Memory is normally the crucial element of our identity. We remember our name, who our family is, our friends, what we do in life, etc. Yet, suppose it was possible to replace all that we remember in one go. Suddenly, we would remember being... ourselves, because our brand new memory would just be the new ourselves. This would make no difference to our sense of identity. We would feel we know who we are. Other people would notice, of course, but only if their own memory wasn't also replaced.

The notion of identity the question is referring to is instead the notion of personal identity, whereby we are the same person as the person we were at any point in the past. Yet, we change. Our body evolves, and our mind is affected by experience of life. But we have the sense of our own identity, whereby we sense we are the person we remember being.

Mostly, it works fine. We behave as other people expect us to behave and we are not ourselves surprised at what we do, the way we do it, mostly. However, there can be mishaps. Mental illness can change us beyond recognition.

Suddenly, we no longer can do what we nonetheless clearly remember that we did routinely in the past. Or we develop an interest in something we distinctly remember we were never interested in. Other people notice, and we notice that they notice.

Yet, strictly speaking, we are still identical to ourselves because each thing is identical to itself.
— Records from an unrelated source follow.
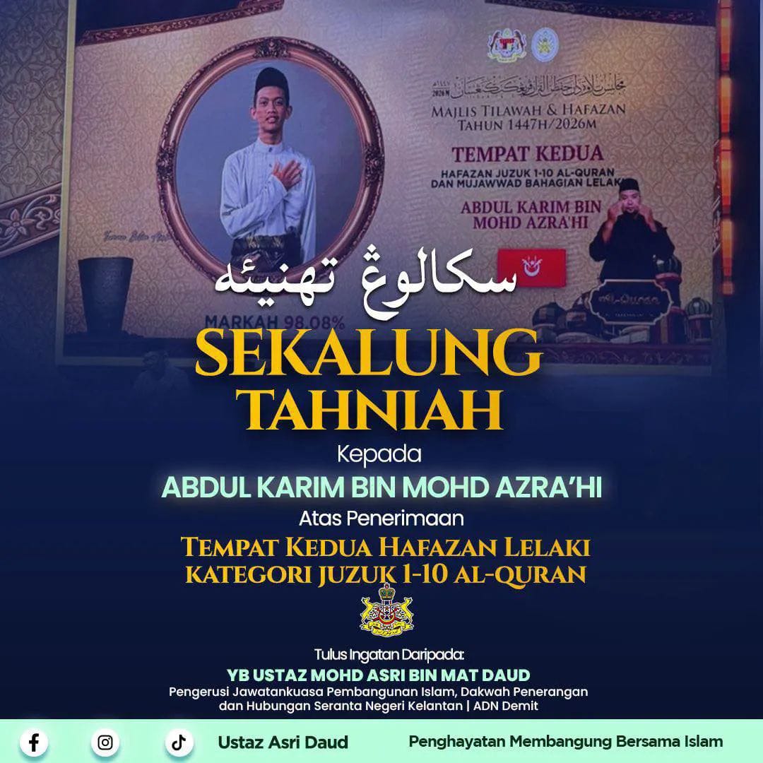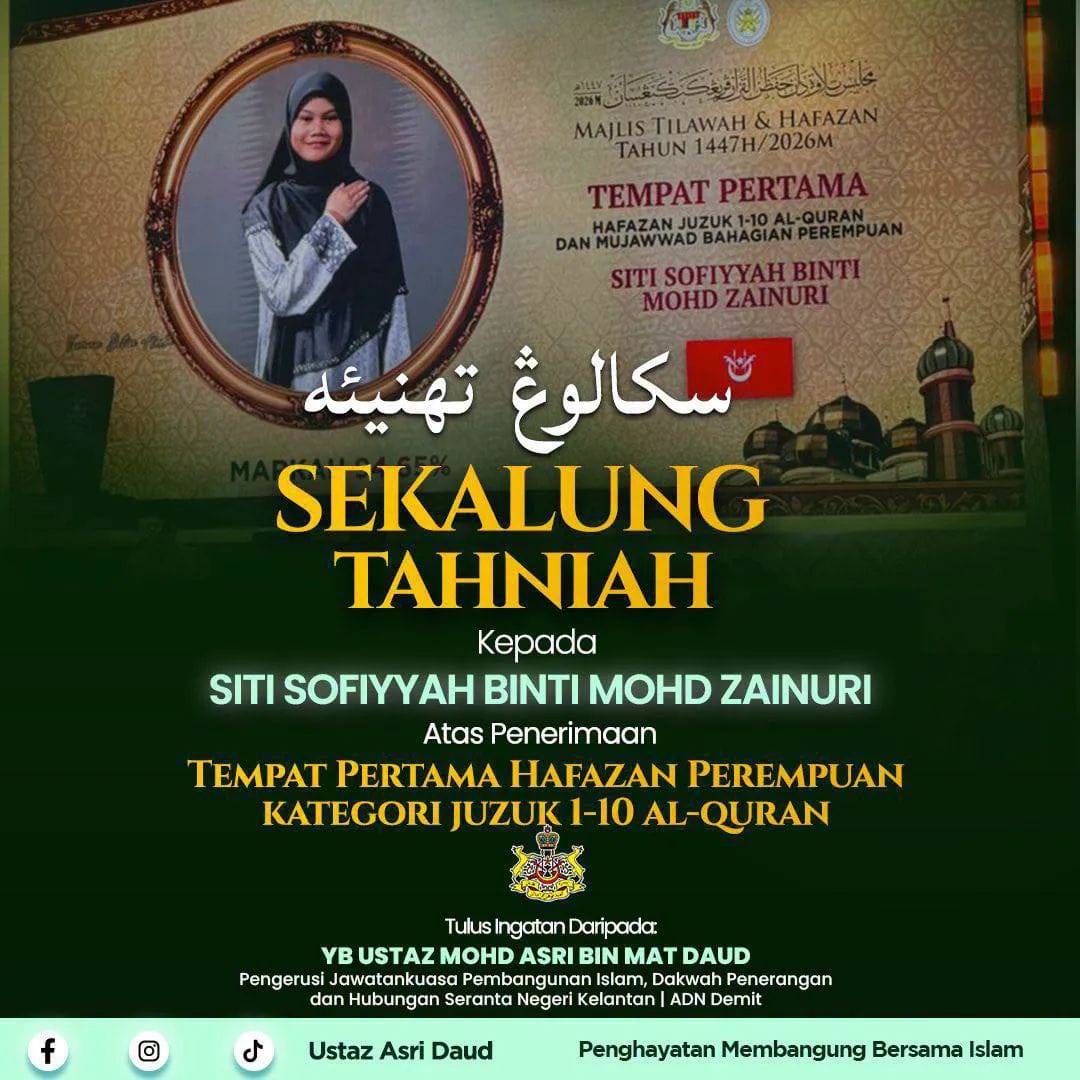 “Setinggi-tinggi tahniah diucapkan kepada kedua-dua peserta atas kejayaan ini. Ia bukan sahaja membanggakan Kelantan, malah menjadi inspirasi kepada anak-anak muda untuk terus mendekati dan menghayati Al-Quran,” katanya menerusi kenyataan di laman rasmi, semalam.
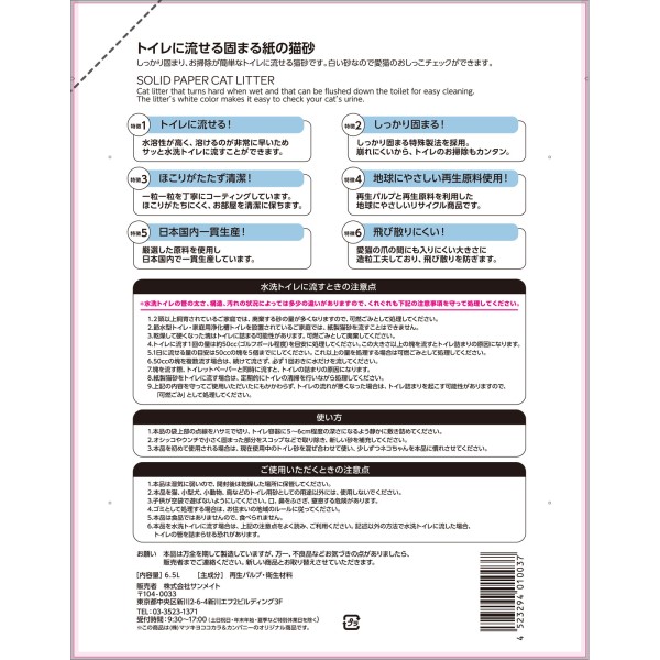 마츠키요 화장실에 흘릴 수 있는 굳어지는 종이 고양이 모래 6.5L
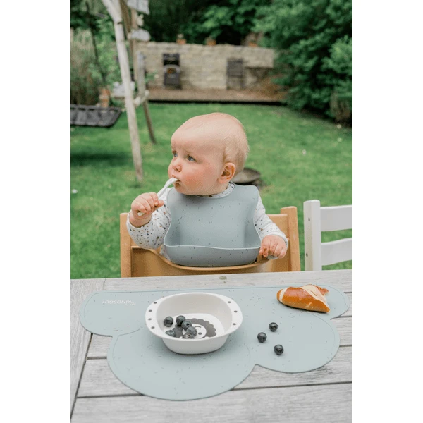 De placemat is gemaakt van milieuvriendelijke siliconen en biedt dus een veilige houvast en ondersteunt uw kind bij het leren alleen te eten.
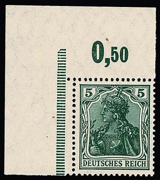 5 Pfg. schwärzlichopalgrün als tadellos postfrische linke obere Bogenecke, sign. Infla. Mi. 800,- +

The problem is, our sense of identity now plays tricks on us. There is now a discrepancy between what we are now and what we remember, and what we remember still makes us feel we know who we are. But in such cases, we are no longer so sure.

So, you can replace all the atoms, or replace all the memories in one go. That won't matter. We would no care because we wouldn't even notice. Where we will notice is the less than philosophical conundrum of old age, senility and mental illness, where suddenly the fiction of our identity as a person just evaporates. Leaving us just identical to ourselves.